▸ Source material:
BEGIN

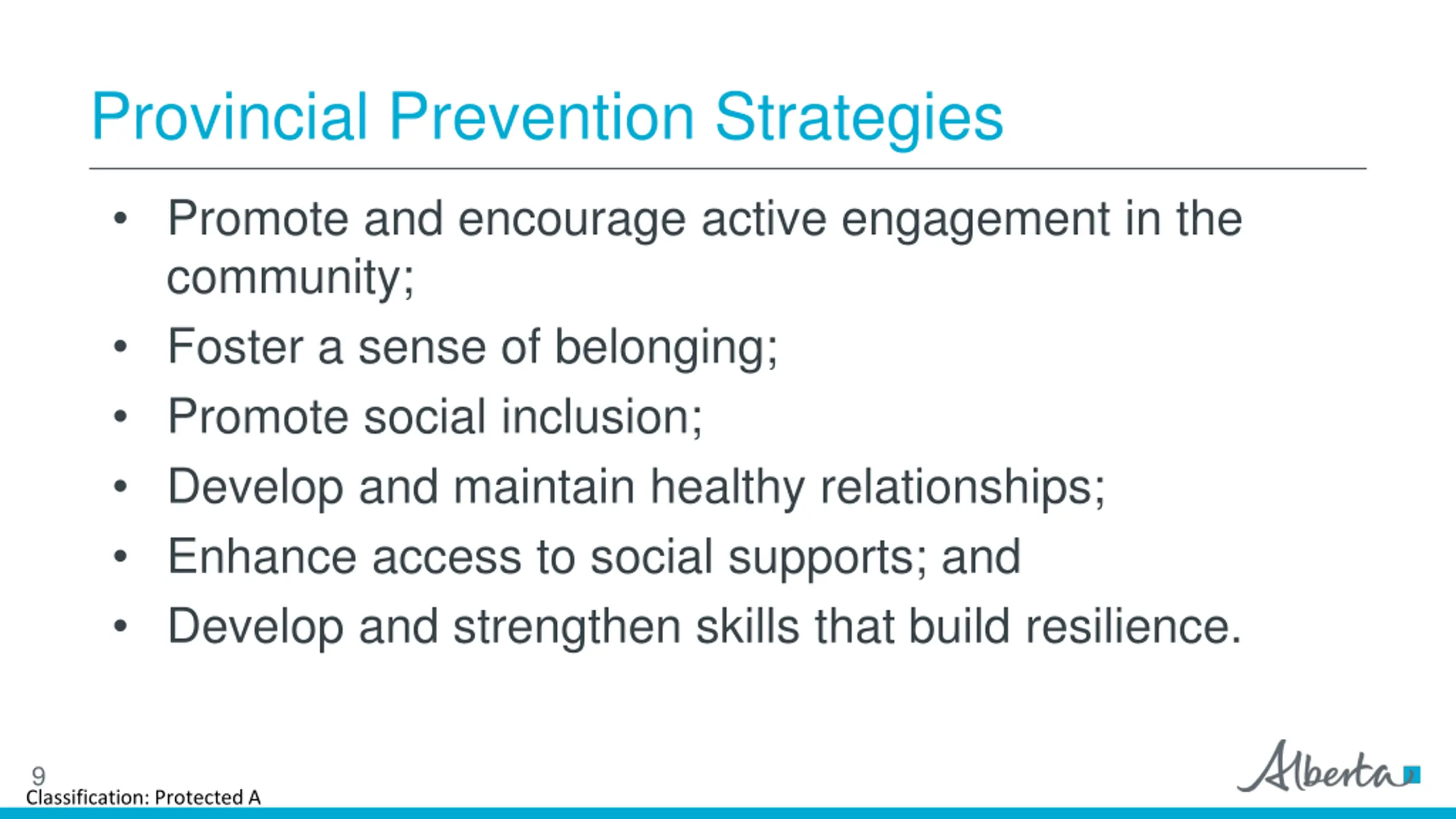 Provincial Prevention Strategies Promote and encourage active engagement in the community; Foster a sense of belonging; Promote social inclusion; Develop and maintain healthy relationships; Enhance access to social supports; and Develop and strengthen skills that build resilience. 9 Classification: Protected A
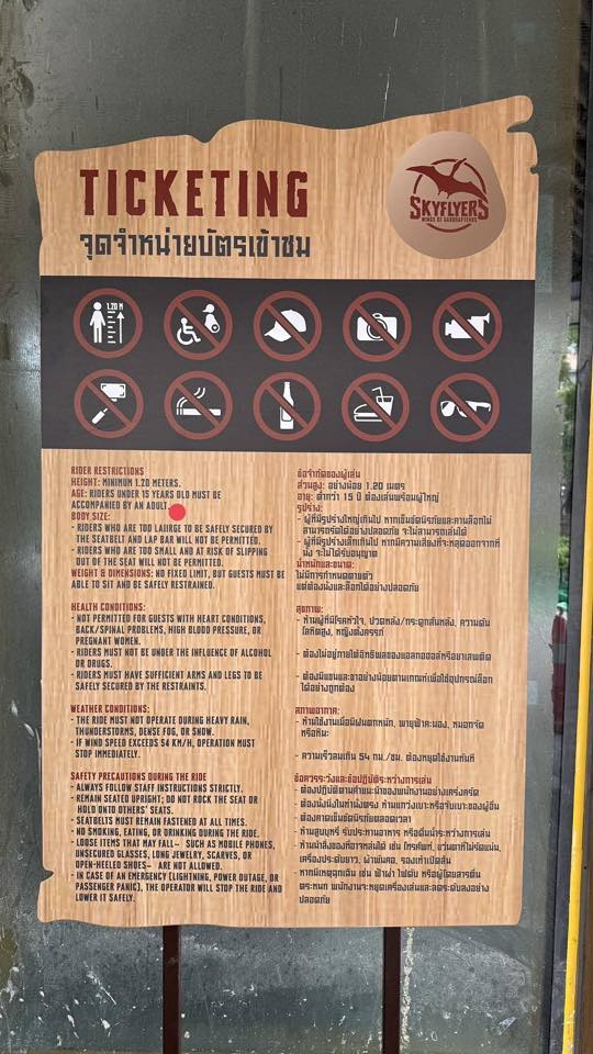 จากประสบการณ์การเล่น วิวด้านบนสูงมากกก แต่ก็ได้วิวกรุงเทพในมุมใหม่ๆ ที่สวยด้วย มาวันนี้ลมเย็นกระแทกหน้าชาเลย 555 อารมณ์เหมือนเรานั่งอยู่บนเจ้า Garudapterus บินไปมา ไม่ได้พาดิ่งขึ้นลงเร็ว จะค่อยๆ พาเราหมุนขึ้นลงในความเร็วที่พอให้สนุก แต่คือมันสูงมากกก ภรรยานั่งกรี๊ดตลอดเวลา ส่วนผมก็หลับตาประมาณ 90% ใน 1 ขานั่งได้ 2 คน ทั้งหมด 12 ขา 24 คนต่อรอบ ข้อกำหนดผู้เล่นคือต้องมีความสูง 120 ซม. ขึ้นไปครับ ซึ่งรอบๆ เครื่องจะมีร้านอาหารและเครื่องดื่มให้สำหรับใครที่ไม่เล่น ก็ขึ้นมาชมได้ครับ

END
BEGIN

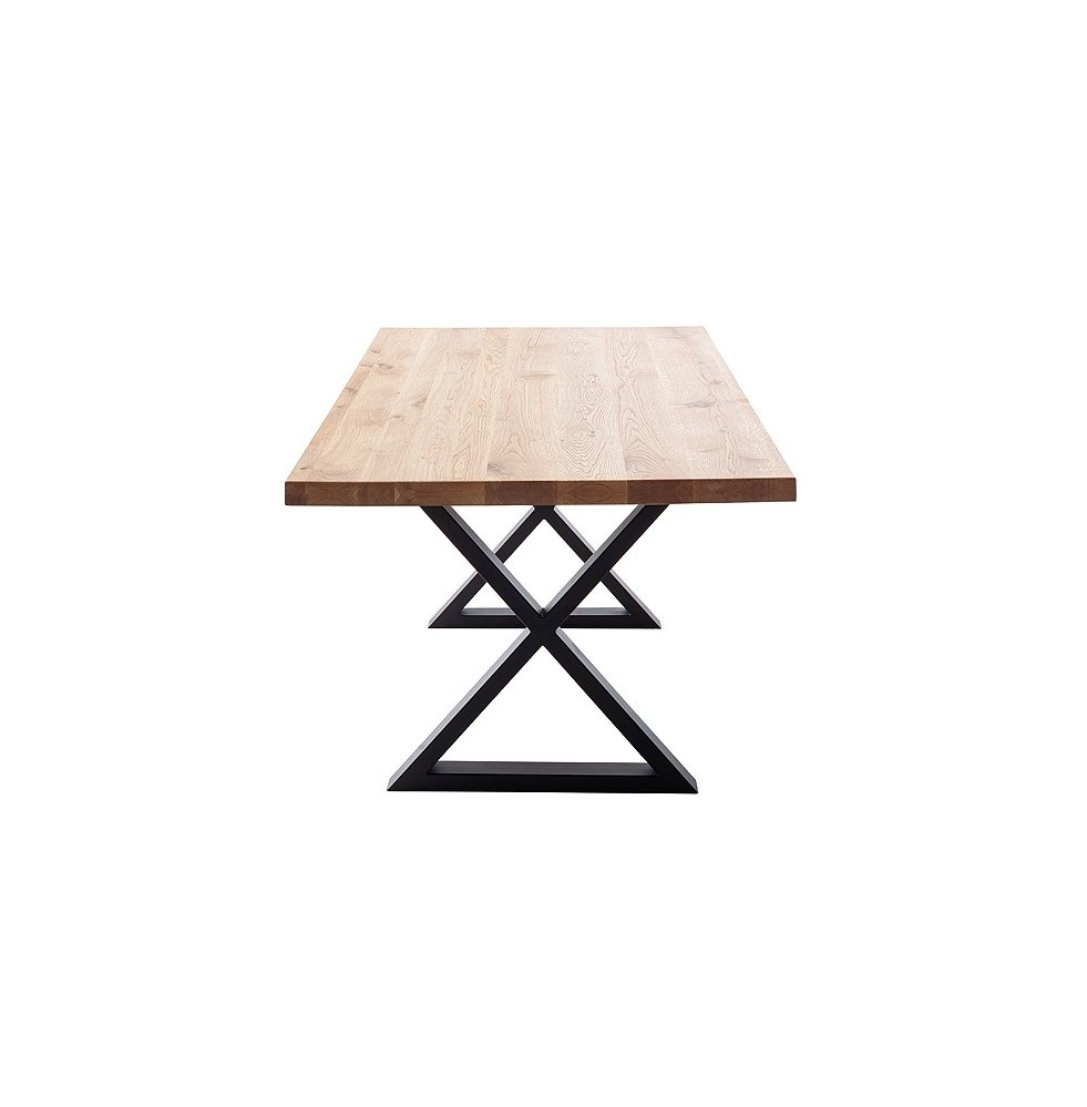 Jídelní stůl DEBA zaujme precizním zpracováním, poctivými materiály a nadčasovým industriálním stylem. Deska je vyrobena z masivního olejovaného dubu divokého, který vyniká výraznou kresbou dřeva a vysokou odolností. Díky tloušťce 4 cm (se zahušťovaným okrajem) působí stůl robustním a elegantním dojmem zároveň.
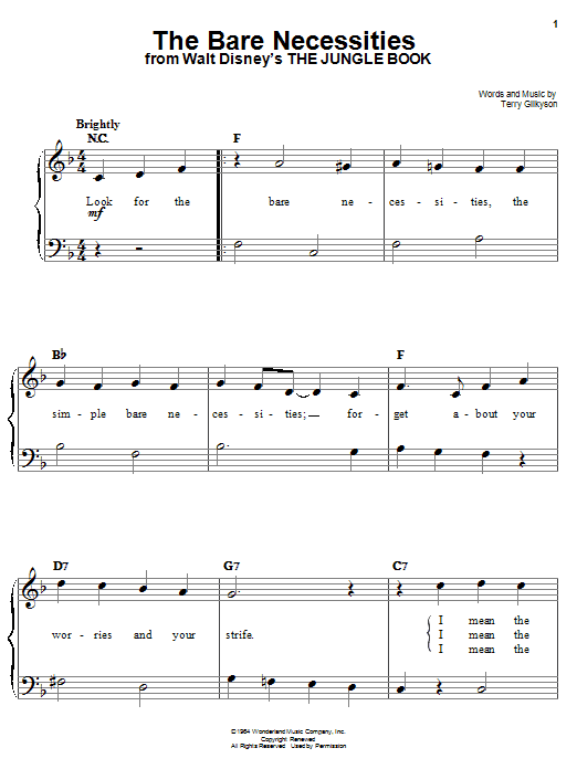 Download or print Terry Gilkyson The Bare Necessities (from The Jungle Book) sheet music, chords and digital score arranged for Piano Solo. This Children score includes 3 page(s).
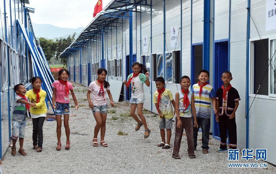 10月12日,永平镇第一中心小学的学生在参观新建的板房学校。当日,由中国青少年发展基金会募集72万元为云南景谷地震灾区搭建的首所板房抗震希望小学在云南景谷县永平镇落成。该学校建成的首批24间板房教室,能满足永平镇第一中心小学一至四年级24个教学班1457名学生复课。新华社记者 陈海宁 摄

END
BEGIN

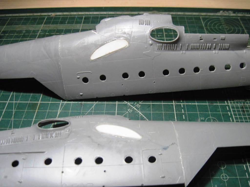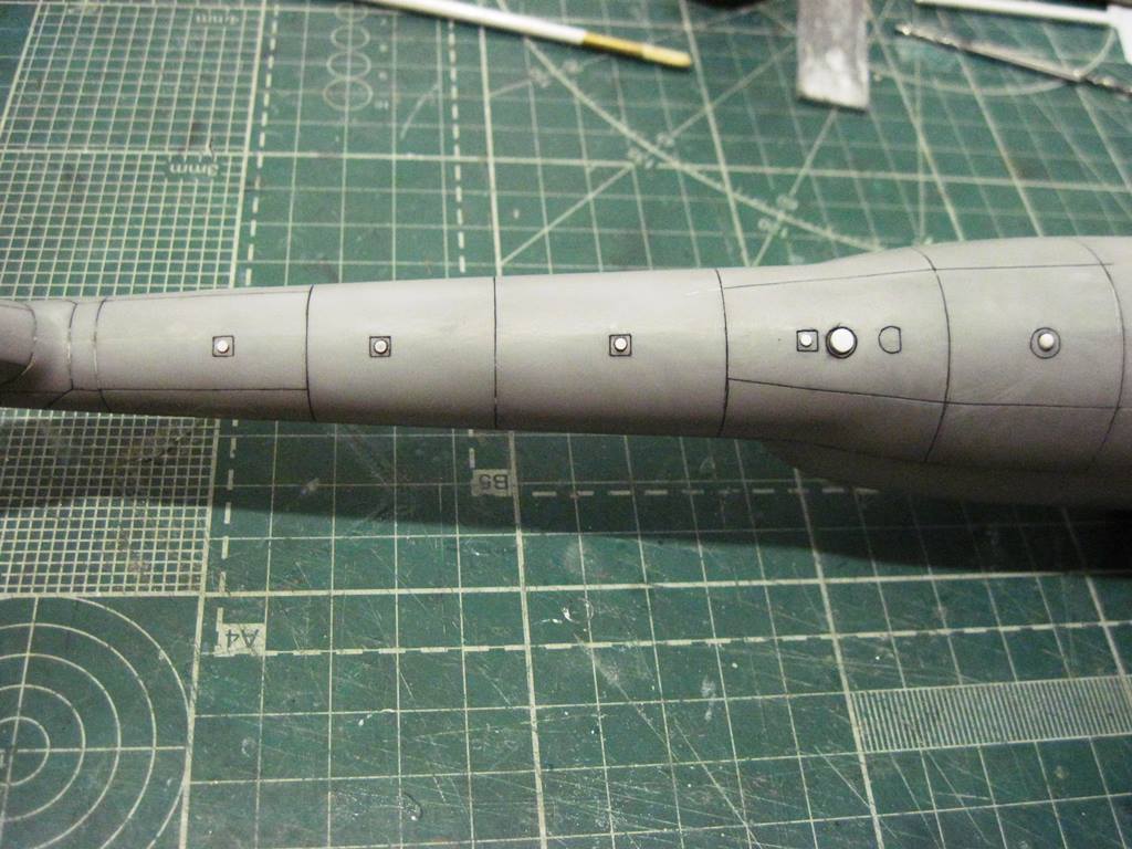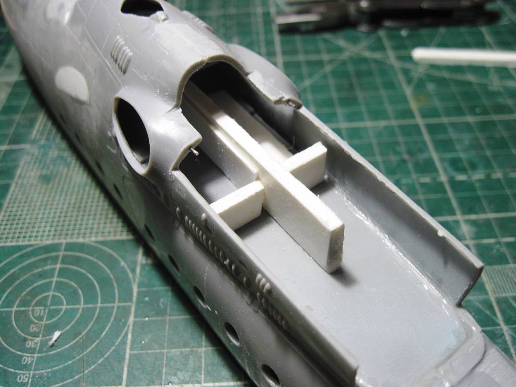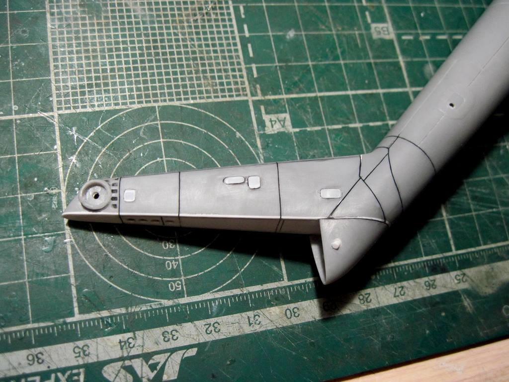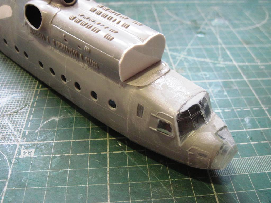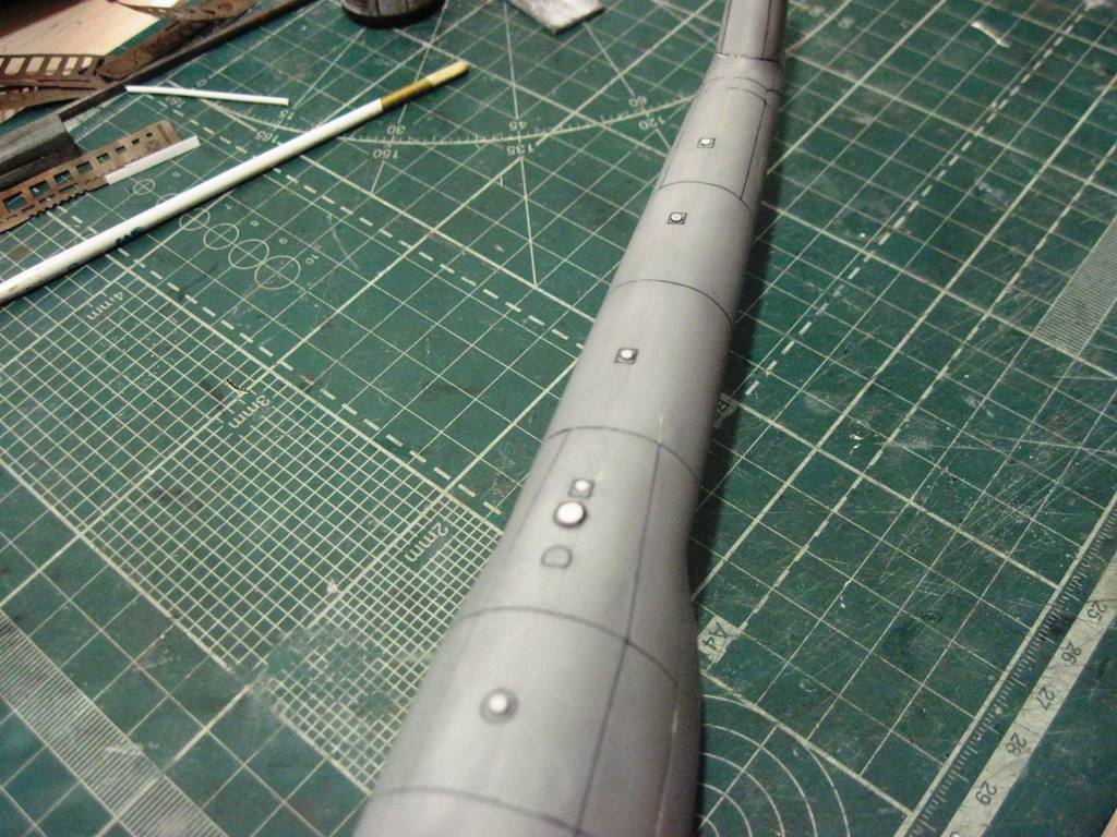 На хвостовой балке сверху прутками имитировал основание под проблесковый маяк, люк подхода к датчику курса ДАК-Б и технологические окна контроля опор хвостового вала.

END

▸ Prompt: Print the line above containing "Provincial Prevention Strategies", the line containing "วิวด้านบนสูงมากกก แต่ก็ได้วิวกรุงเทพในมุมใหม่ๆ ที่สวยด้วย", and everything between them, exactly as written. Pictures stay out.

▸ Reply to the exercise:
 Provincial Prevention Strategies Promote and encourage active engagement in the community; Foster a sense of belonging; Promote social inclusion; Develop and maintain healthy relationships; Enhance access to social supports; and Develop and strengthen skills that build resilience. 9 Classification: Protected A
 จากประสบการณ์การเล่น วิวด้านบนสูงมากกก แต่ก็ได้วิวกรุงเทพในมุมใหม่ๆ ที่สวยด้วย มาวันนี้ลมเย็นกระแทกหน้าชาเลย 555 อารมณ์เหมือนเรานั่งอยู่บนเจ้า Garudapterus บินไปมา ไม่ได้พาดิ่งขึ้นลงเร็ว จะค่อยๆ พาเราหมุนขึ้นลงในความเร็วที่พอให้สนุก แต่คือมันสูงมากกก ภรรยานั่งกรี๊ดตลอดเวลา ส่วนผมก็หลับตาประมาณ 90% ใน 1 ขานั่งได้ 2 คน ทั้งหมด 12 ขา 24 คนต่อรอบ ข้อกำหนดผู้เล่นคือต้องมีความสูง 120 ซม. ขึ้นไปครับ ซึ่งรอบๆ เครื่องจะมีร้านอาหารและเครื่องดื่มให้สำหรับใครที่ไม่เล่น ก็ขึ้นมาชมได้ครับ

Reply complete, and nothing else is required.